Recorded data.
===
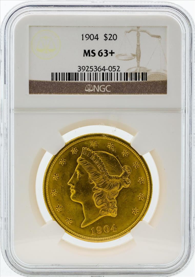 One 1904 $20 Liberty Head Double Eagle Gold Coin NGC MS63+. NGC Certified.
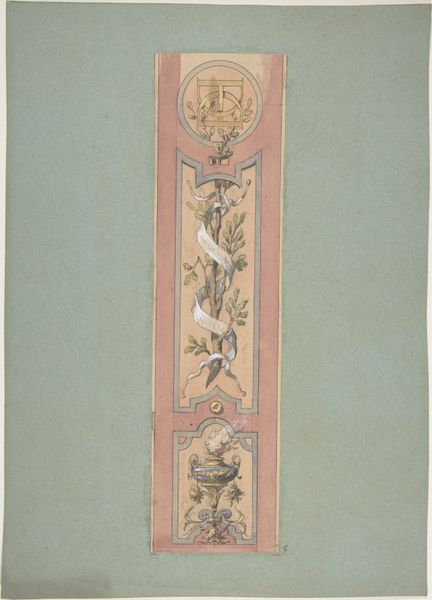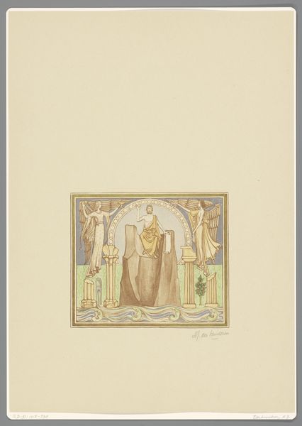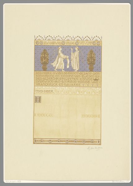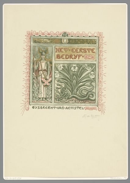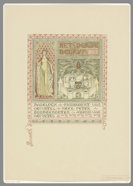 Antoon Derkinderen created this artwork, titled "Het vijfde bedryf," using a technique involving watercolour, charcoal and pencil. Derkinderen lived through a transformative period in Dutch history marked by industrialization and social change. He was deeply engaged with the cultural movements of his time. His artwork shows an engagement with themes of national identity and historical consciousness, and it reflects an interest in medieval art. The idealized figure on the left could be viewed through the lens of gender representation. Derkinderen presents a figure of ethereal beauty that aligns with the period's romanticized ideals of womanhood and the expectations that were prevalent at the time. The Amsterdam coat of arms indicates civic pride, and it reflects the increasing awareness of regional and national identities. The artist is balancing the representation of the feminine with the symbols of civic identity. This piece invites us to consider the interplay between personal identity, community, and nationhood.
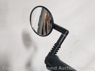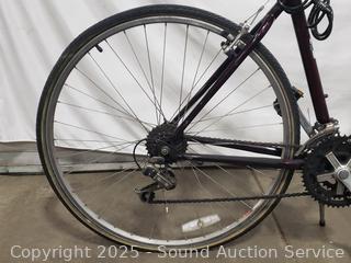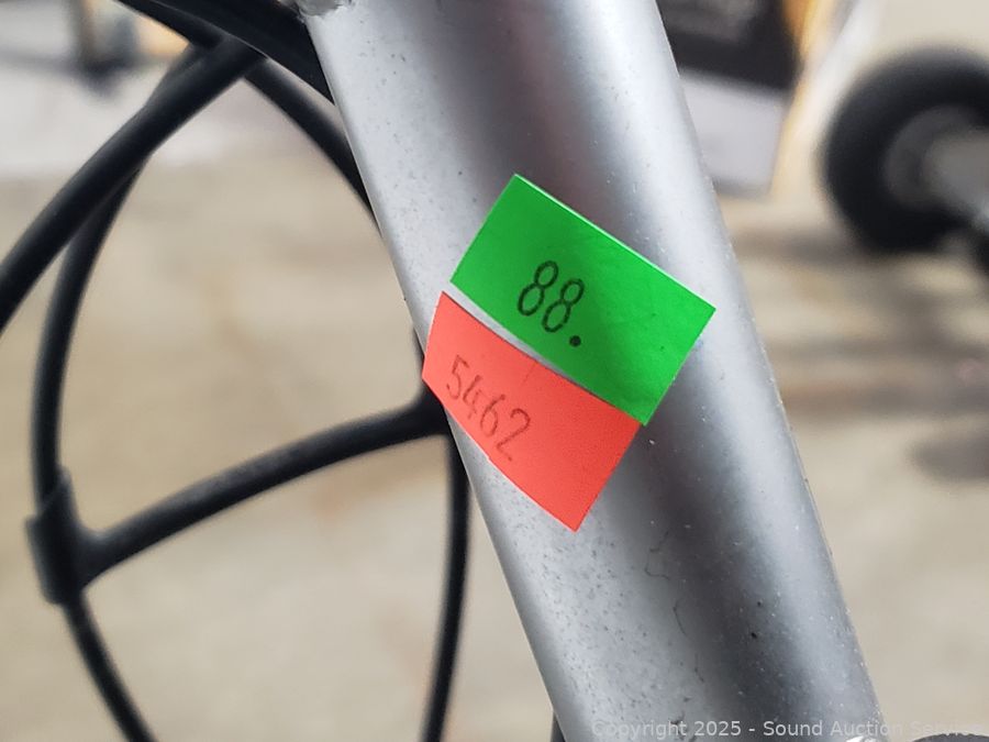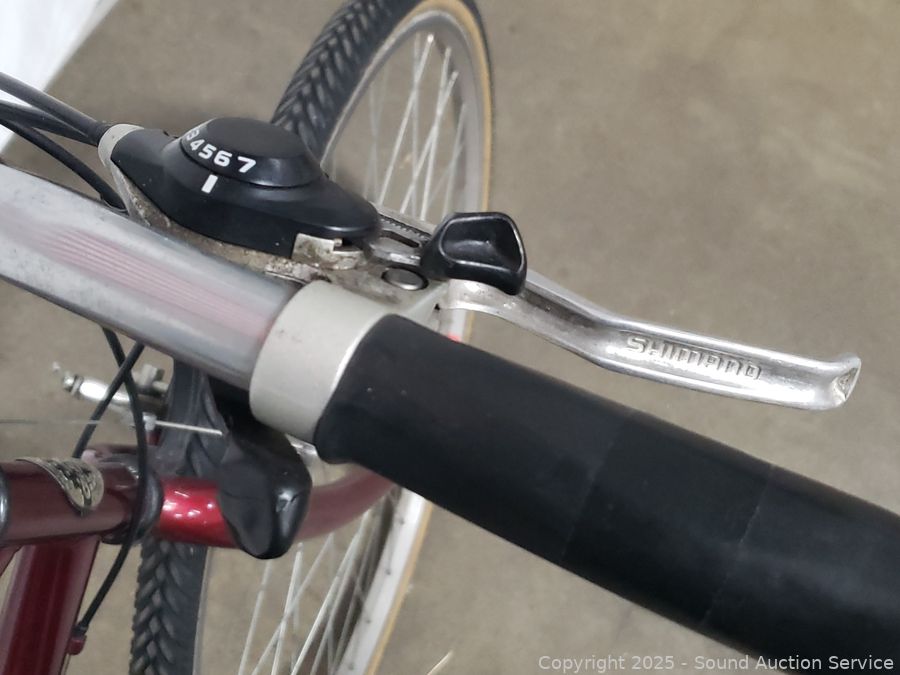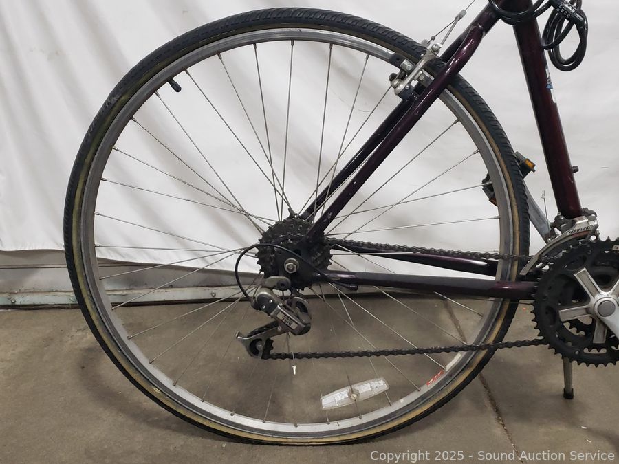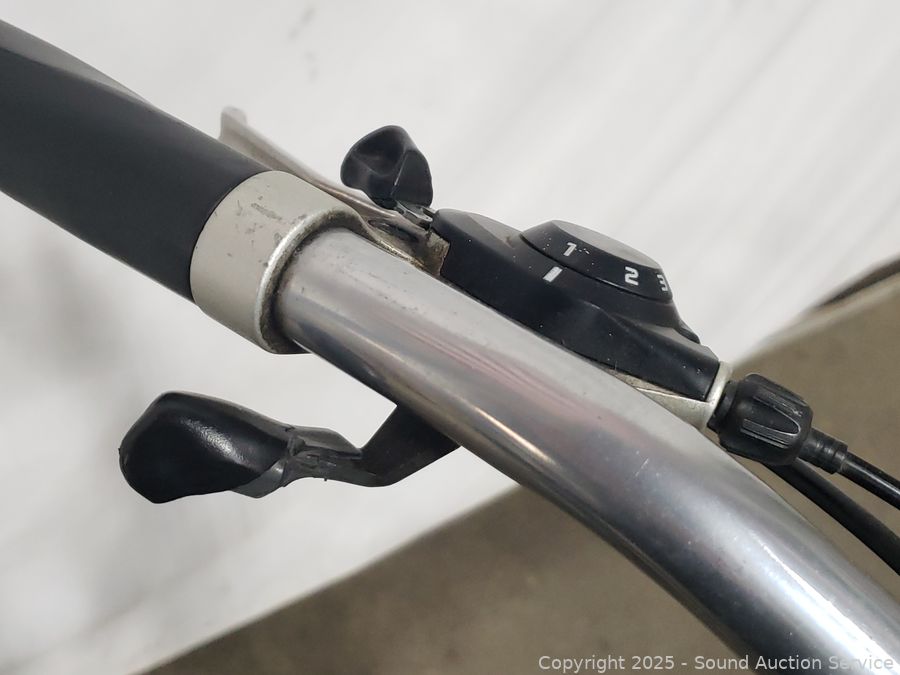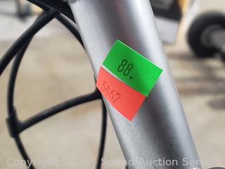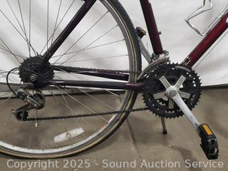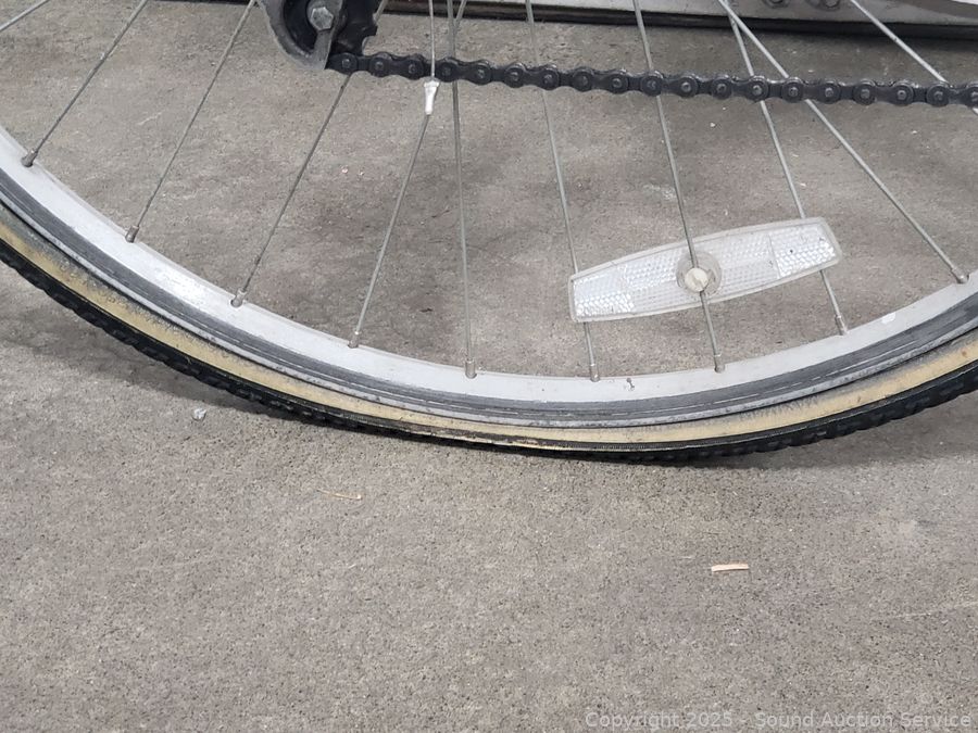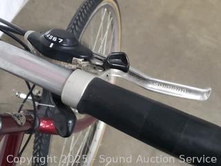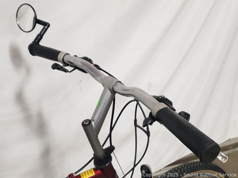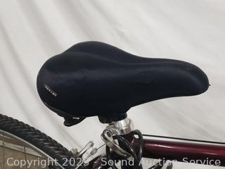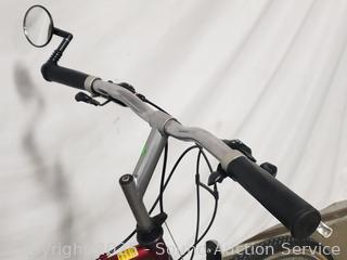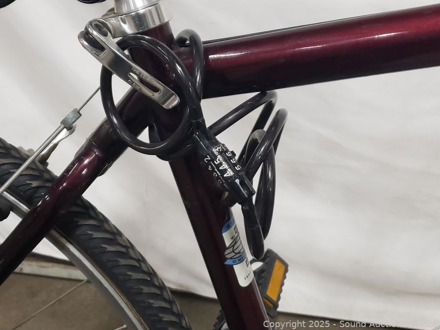 Has a locked combination cable lock mounted wrapped around frame, unsure of the combination. Cantilever brakes, finger & thumb click shift, appears to be functioning as intended. Tires are low need air, unsure if holding air. Bottle holder, rear view mirror. Signs of wear from use, overall good condition.
===
Task to carry out.
Output the lines above verbatim, images excluded.

Output below.
 One 1904 $20 Liberty Head Double Eagle Gold Coin NGC MS63+. NGC Certified.
 Antoon Derkinderen created this artwork, titled "Het vijfde bedryf," using a technique involving watercolour, charcoal and pencil. Derkinderen lived through a transformative period in Dutch history marked by industrialization and social change. He was deeply engaged with the cultural movements of his time. His artwork shows an engagement with themes of national identity and historical consciousness, and it reflects an interest in medieval art. The idealized figure on the left could be viewed through the lens of gender representation. Derkinderen presents a figure of ethereal beauty that aligns with the period's romanticized ideals of womanhood and the expectations that were prevalent at the time. The Amsterdam coat of arms indicates civic pride, and it reflects the increasing awareness of regional and national identities. The artist is balancing the representation of the feminine with the symbols of civic identity. This piece invites us to consider the interplay between personal identity, community, and nationhood.
 Has a locked combination cable lock mounted wrapped around frame, unsure of the combination. Cantilever brakes, finger & thumb click shift, appears to be functioning as intended. Tires are low need air, unsure if holding air. Bottle holder, rear view mirror. Signs of wear from use, overall good condition.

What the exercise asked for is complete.